● Brief: Look through the entries that follow and return each line that has the string "distribution".

Records from a dataset:
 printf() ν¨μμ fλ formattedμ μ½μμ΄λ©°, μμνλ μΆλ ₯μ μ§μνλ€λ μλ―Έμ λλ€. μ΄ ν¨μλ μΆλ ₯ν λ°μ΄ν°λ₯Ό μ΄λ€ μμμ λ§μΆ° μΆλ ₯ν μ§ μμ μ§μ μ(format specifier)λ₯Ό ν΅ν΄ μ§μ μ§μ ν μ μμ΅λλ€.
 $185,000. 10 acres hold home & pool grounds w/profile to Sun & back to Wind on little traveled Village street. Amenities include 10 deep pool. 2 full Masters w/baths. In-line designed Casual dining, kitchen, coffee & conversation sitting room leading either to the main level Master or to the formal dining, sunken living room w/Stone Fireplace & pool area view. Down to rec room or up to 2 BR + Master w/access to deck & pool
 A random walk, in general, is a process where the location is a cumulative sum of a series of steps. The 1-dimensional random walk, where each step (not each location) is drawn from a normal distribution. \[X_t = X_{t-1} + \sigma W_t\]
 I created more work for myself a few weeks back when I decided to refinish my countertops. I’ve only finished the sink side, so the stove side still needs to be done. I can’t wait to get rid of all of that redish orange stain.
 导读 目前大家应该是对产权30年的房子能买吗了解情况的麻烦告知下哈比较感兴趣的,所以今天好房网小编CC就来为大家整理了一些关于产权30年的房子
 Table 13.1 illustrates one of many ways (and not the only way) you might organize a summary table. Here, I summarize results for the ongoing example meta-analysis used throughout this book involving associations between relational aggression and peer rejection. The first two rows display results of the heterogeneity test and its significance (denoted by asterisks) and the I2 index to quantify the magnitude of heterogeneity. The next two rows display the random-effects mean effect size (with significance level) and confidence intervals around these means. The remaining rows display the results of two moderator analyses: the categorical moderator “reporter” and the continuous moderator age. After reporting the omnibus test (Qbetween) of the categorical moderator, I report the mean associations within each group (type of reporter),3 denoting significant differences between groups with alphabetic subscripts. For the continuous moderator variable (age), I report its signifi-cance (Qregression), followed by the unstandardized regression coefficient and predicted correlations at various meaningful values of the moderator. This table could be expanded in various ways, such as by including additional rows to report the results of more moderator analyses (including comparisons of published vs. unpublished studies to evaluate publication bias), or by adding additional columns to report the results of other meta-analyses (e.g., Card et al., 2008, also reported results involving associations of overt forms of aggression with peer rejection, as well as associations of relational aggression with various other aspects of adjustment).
* * *
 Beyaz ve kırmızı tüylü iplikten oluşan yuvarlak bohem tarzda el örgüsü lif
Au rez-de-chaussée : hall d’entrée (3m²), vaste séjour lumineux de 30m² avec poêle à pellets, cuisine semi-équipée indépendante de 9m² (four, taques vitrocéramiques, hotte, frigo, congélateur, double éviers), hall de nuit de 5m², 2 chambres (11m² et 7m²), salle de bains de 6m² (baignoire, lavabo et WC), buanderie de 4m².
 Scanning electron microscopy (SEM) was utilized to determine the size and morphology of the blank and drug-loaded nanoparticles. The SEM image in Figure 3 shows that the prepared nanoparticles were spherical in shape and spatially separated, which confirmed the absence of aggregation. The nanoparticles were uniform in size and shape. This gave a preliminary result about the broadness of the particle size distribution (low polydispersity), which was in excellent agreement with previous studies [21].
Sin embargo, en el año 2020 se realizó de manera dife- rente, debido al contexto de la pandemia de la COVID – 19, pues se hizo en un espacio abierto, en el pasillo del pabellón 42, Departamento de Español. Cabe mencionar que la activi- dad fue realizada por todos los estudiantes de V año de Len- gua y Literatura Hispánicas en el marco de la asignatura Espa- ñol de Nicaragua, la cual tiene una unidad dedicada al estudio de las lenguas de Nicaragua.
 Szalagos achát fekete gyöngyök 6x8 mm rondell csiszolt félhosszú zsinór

● Solution:
 A random walk, in general, is a process where the location is a cumulative sum of a series of steps. The 1-dimensional random walk, where each step (not each location) is drawn from a normal distribution. \[X_t = X_{t-1} + \sigma W_t\]
 Scanning electron microscopy (SEM) was utilized to determine the size and morphology of the blank and drug-loaded nanoparticles. The SEM image in Figure 3 shows that the prepared nanoparticles were spherical in shape and spatially separated, which confirmed the absence of aggregation. The nanoparticles were uniform in size and shape. This gave a preliminary result about the broadness of the particle size distribution (low polydispersity), which was in excellent agreement with previous studies [21].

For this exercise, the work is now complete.